# THE TASK
For the data below, retype word for word the lines from the one containing "Ankara'nın Gölbaşı ilçesinde" through the one containing "Then the work"; drop the pictures.

[Collected data]
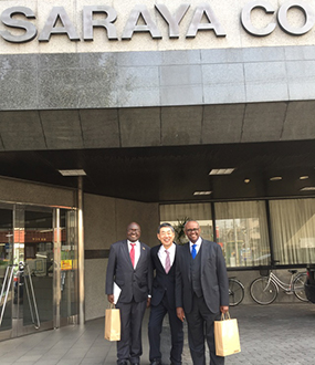 H.E. the Ambassador, Mr. Saraya, the President and Mr. Paul M. Kaliih, Minister-Counsellor in front of Saraya HQs offices, Osaka. |
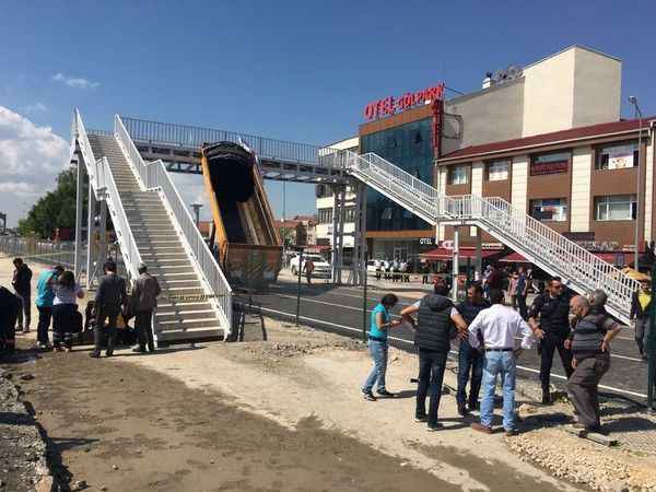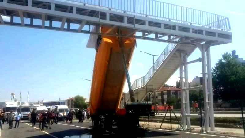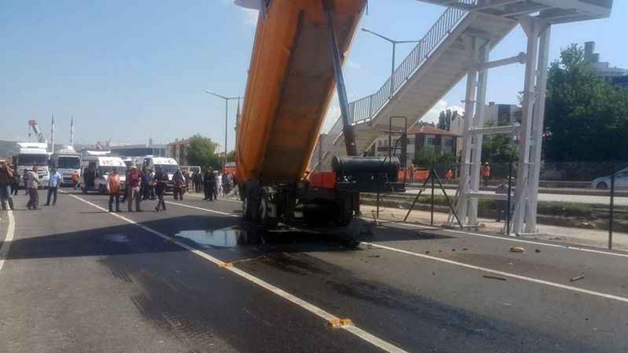 Ankara'nın Gölbaşı ilçesinde hareket halindeki hafriyat kamyonunun açık unutulan damperi üst geçite çarptı. Kazada 11 kişi yaralanırken, kaza anı güvenlik kamerasına yansıdı.
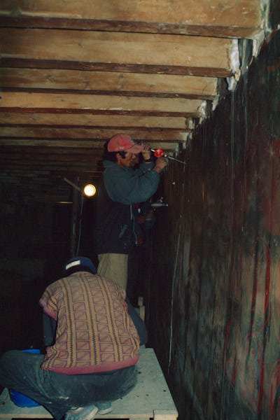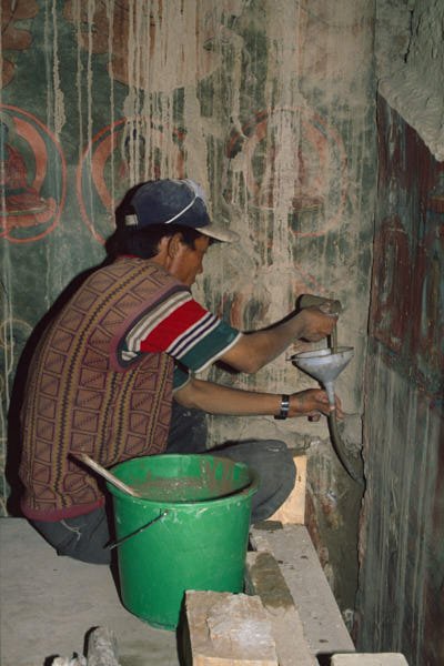 Then the work concentrated on fixing the preparatory layers. Through aging, earthquakes and some time mistakes in the technique of preparing or applying the plasters, it happens that these preparatory layers detach from one another. This creates random gaps between layers, which can cause the paintings to fall off with time. It is then necessary to fill all these gaps to reconstitute stability to the support of the wall paintings. Tapping with knuckles easily identifies the gaps. When doing so, a gap is found by the different sound the tapping produce. When a gap was found, we had to pierce the murals using hand-drills and reach the gap. Then the gap was cleaned by hand-syphon: in this way a slight vacuum would extract all debris. A surfactant solution was then injected to allow the glue to spread more evenly through the gap. When the gap was very small, it was enough to inject an acrylic binder solution. When the gap was larger, this binder had to be mixed up with clay, thus producing a mortar that would fill up the gap.
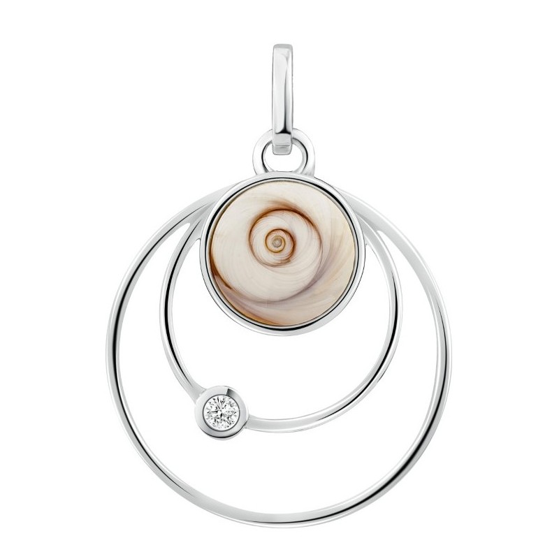 Pendentif en Argent 92,5 composé d'un cabochon orné d'un œil de Sainte Lucie Méditerranéen, lui même entouré de deux anneaux d'argent dont 1 avec un strass !
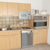 Kühlschrank, Geschirrspüler, Geschirreinrichtung, Elektroherd, Tiefkühlfach, Mikrowelle, Wasserkocher, Kaffeemaschine, Toaster, Eierkocher, Besteck, Gläser
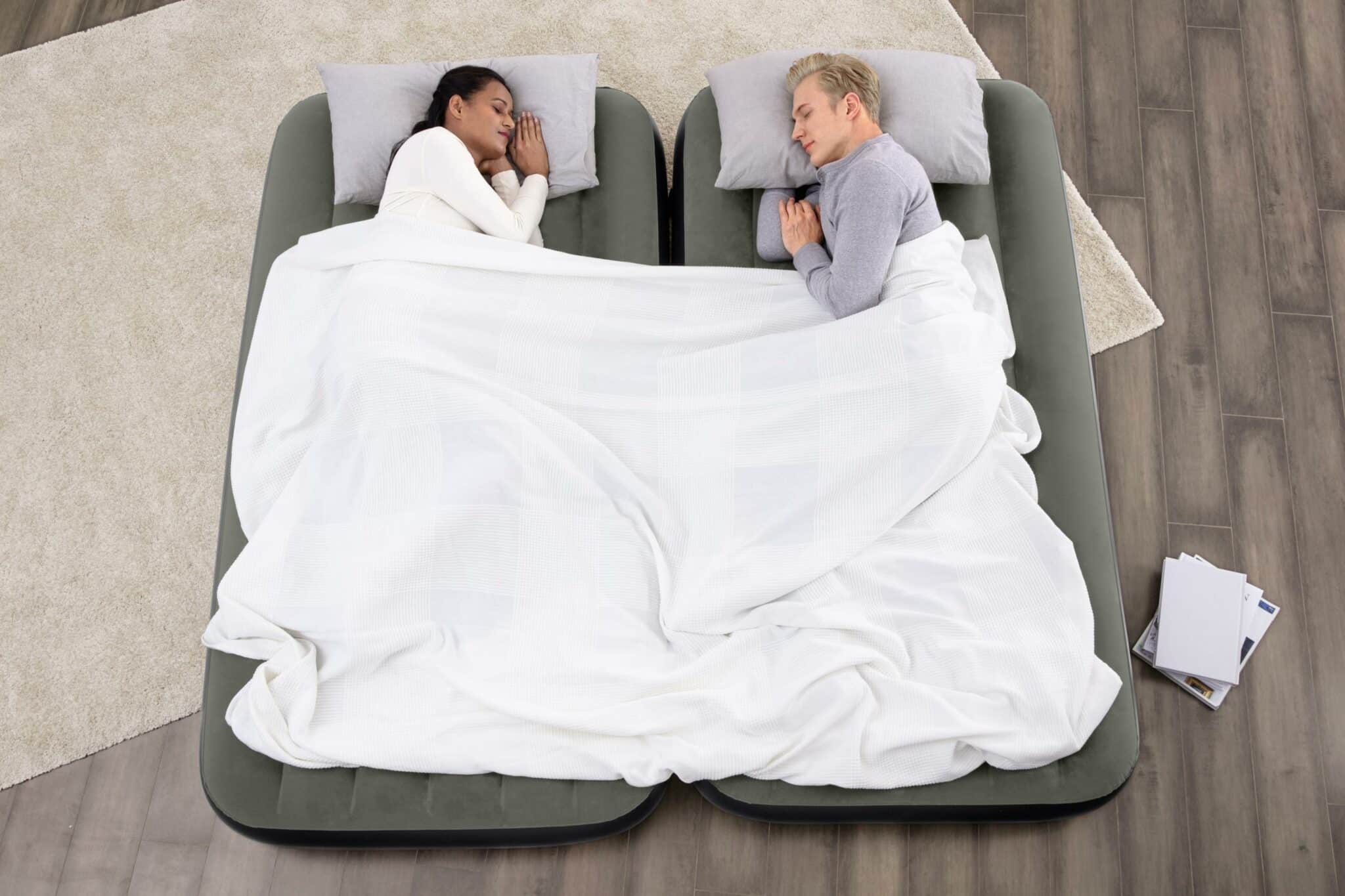 O colchão insuflável 3 em 1 pode ser utilizado como 2 colchões individuais, 1 colchão king ou um colchão de duas camadas com fivelas ajustáveis.
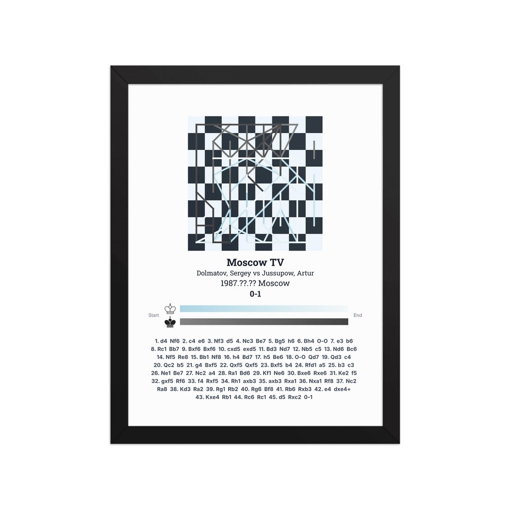 Museum-quality poster on thick, durable matte paper. A sharp, clean look for any chess visualisation.
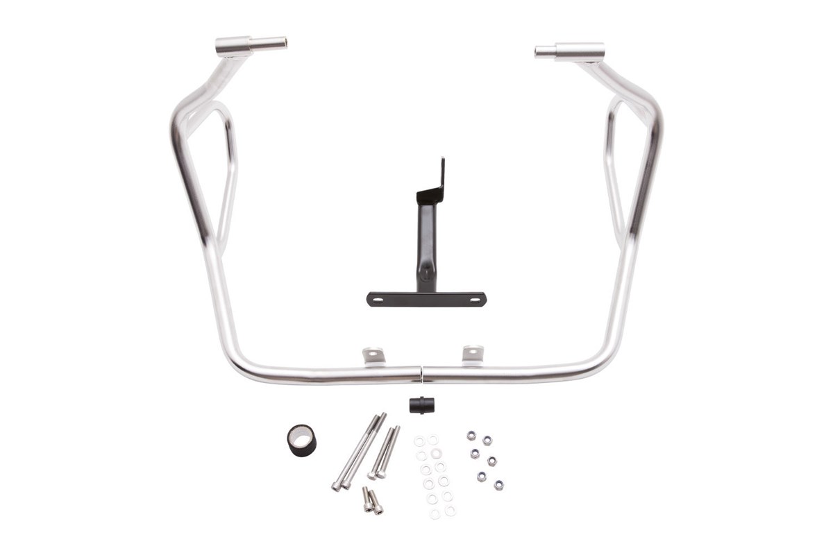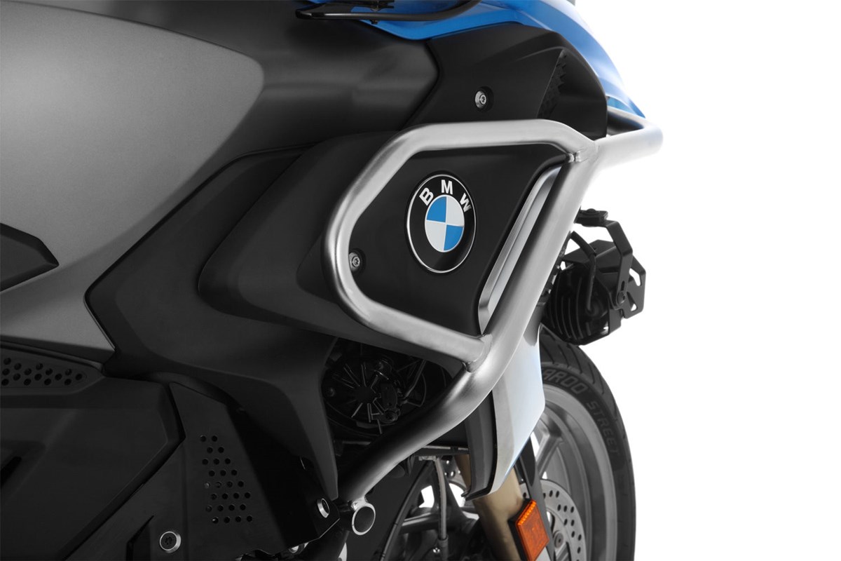 Dieser Tankschutzbügel schützt nicht nur zuverlässig den Tank, sondern auch die Verkleidung, des Vorbaus und die hochgefährdeten Wasserkühler-Einheiten. In Verbindung mit dem Motorschutzbügel bildet er ein durchdachtes Rundumschutzkonzept zur passiven Sicherheit: Im Falle eines Sturzes oder Umfallers werden die wirkenden Kräfte optimal über die Schutzbügelstruktur auf die belastbaren Aufnahmepunkte verteilt, sodass Kraftspitzen vermieden werden. Optisch integriert sich der Schutzbügel sehr gelungen in das Design des Motorrades und unterstreicht das markante Erscheinungsbild. Der Tankschutzbügel ist aus einem Verbund aus 25 und 18 Millimeter Präzisions-Stahlrohr gefertigt. Sie bestehen aus Rohrsegmenten, die modellspezifisch auf CNC-Rohrbiegemaschinen geformt und anschließend sauber verschweißt werden.
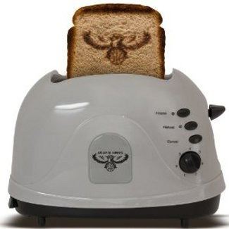 Does your breakfast lack team spirit? Spice up the most important meal of the day with this Pangea Brands® ProToastTM 2-Slice toaster. The retro-style appliance leaves the mark of the Atlanta Hawks emblem on every piece of bread. Features the Hawks logo on the outside and toasts your bread in the Hawks logo. Adjustable settings for desired toasting levels. Includes a setting for frozen breads. Works on white and wheat bread, as well as frozen waffles and English muffins. Made in China, final assembly in USA. UL tested and approved. Dimensions: 8'' H x 12'' W x 6'' D.
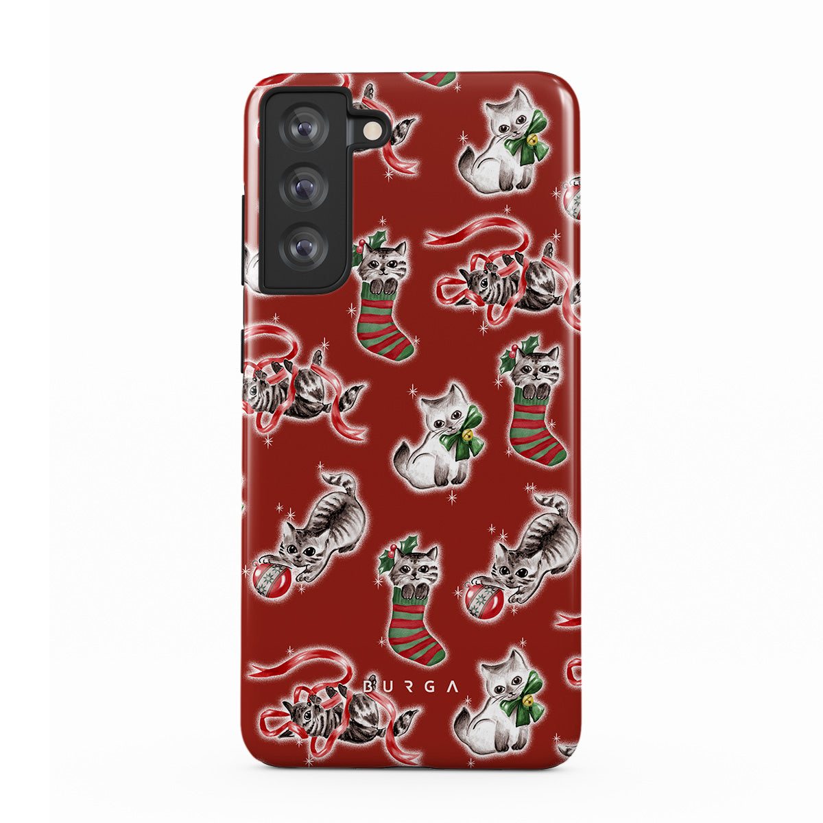 En este diseño: gatos, medias navideñas, gatitos, patrón rojo y verde, gatos juguetones, adornos navideños

# EXERCISE SOLUTION
 Ankara'nın Gölbaşı ilçesinde hareket halindeki hafriyat kamyonunun açık unutulan damperi üst geçite çarptı. Kazada 11 kişi yaralanırken, kaza anı güvenlik kamerasına yansıdı.
 Then the work concentrated on fixing the preparatory layers. Through aging, earthquakes and some time mistakes in the technique of preparing or applying the plasters, it happens that these preparatory layers detach from one another. This creates random gaps between layers, which can cause the paintings to fall off with time. It is then necessary to fill all these gaps to reconstitute stability to the support of the wall paintings. Tapping with knuckles easily identifies the gaps. When doing so, a gap is found by the different sound the tapping produce. When a gap was found, we had to pierce the murals using hand-drills and reach the gap. Then the gap was cleaned by hand-syphon: in this way a slight vacuum would extract all debris. A surfactant solution was then injected to allow the glue to spread more evenly through the gap. When the gap was very small, it was enough to inject an acrylic binder solution. When the gap was larger, this binder had to be mixed up with clay, thus producing a mortar that would fill up the gap.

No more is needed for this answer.